▶ WHAT THE EXERCISE ASKS
Return nothing but the lines from the one with "73067323 alte Postkarte" through the one with "White Cursive &" in the data below, word for word and without pictures.

▶ DATASET RECORDS
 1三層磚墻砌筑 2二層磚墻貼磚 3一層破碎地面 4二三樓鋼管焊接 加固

==

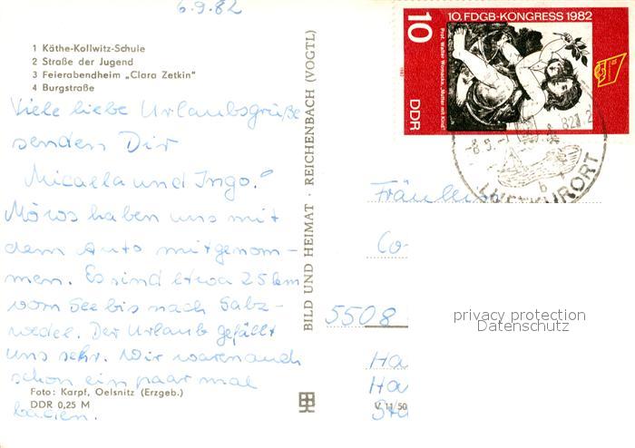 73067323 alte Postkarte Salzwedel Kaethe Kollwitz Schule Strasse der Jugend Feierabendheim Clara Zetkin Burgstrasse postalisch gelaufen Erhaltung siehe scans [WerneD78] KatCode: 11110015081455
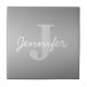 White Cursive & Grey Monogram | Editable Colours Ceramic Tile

▶ YOUR SOLUTION
 73067323 alte Postkarte Salzwedel Kaethe Kollwitz Schule Strasse der Jugend Feierabendheim Clara Zetkin Burgstrasse postalisch gelaufen Erhaltung siehe scans [WerneD78] KatCode: 11110015081455
 White Cursive & Grey Monogram | Editable Colours Ceramic Tile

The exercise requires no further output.